Japanese stocks have staged a noticeable comeback after experiencing the most significant market drop ever during the previous day’s trading session.
Only one day later, new investors with a higher risk appetite responded, pushing the market up by over 3,200 points before it settled at a 2,957.90 point rise or a roughly 9.4 percent increase over the previous days’ trading. It was the largest single day rise since October 1990 when the Nikkei 225 increased 2,676.55 points. Overall, the index is still down around 20 percent from its all-time high on July 11.
Accompanying the Nikkei’s plunge, the wider stock and crypto markets are also experiencing severe volatility.
According to analyst Chris Weston, head of research at Australian online broker Pepperstone, the drop in Japan’s Nikkei 225 came off the back of “significant liquidation of margin positions.”
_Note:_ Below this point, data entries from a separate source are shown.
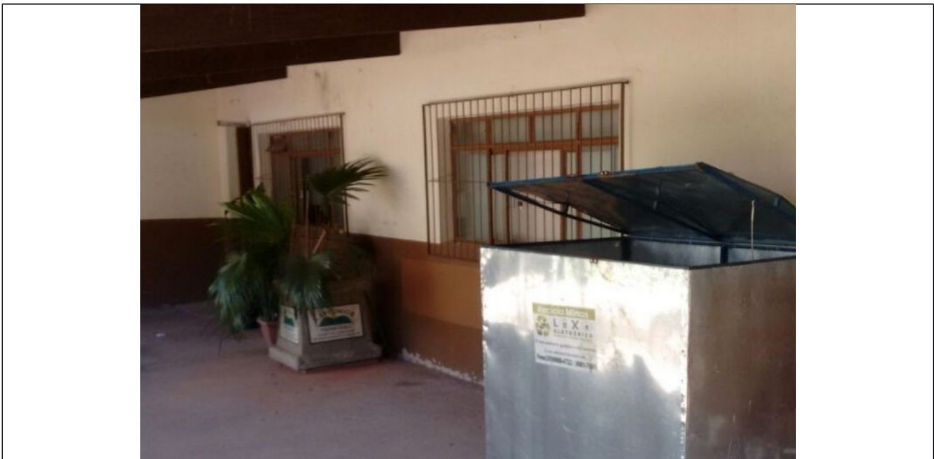
1 - Campus Machado - ELECTRIC WASTE COLLECTION POINT

http://www.mch.ifsuldeminas.edu.br/noticias/146-noticias-2017/3943-2017-06-02-11-17-50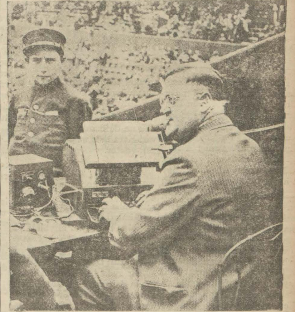
Fransa tenis şampiyonası esnasında bir Amerikalı muhabir ihtisaratını doğrudan doğruya Amerikaya nakletti.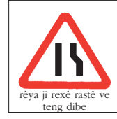
rêya ji rexê rastê ve teng dibe

“The implied volatility in the NY225 sits at an incredible 70%—well above levels seen in 2020, and while our opening call for the Nikkei 225 suggests an open some 6% higher, this level of implied volatility almost guarantees fireworks in the price action,” he said.
“After such a furious shake-out of leveraged positioning, with Japanese banks absolutely taken to the cleaners, it will take the bravest of investors to buy into these names with any conviction.”
Japan’s banking stocks led the Aug. 5 rout. Other Japanese companies, such as Honda Motor Co., dropped by 13.4 percent, while Mitsubishi UFJ Financial Group fell by 18.4 percent, and Tokyo Electron plunged by 15.8 percent.
The crypto market clocked its largest three-day sell-off in almost a year, losing nearly $510 billion from its total market capitalization, or a 15.9 percent decline in the global crypto market cap. The S&P 500, an index tracking the performance of the 500 largest companies listed on stock exchanges in the United States, also dropped 3 percent for its worst day in nearly two years, while the Nasdaq stock exchange in New York slid 3.4 percent.
Finance Minister of Japan Shunichi Suzuki told reporters on Aug. 5 that the government was watching the market but said it’s “hard to say” what was behind the huge plunge in the Nikkei 225.
Stephen Dover, chief market strategist and head of Franklin Templeton Institute at Franklin Templeton, said that in his view, the collapse was a “reminder that it is next-to-impossible to diversify equity risk by region (or by sector or style) during major corrections or bear markets.”
He also cautioned that while “opportunity will arise,” in his view, it’s “premature to step in at this point.”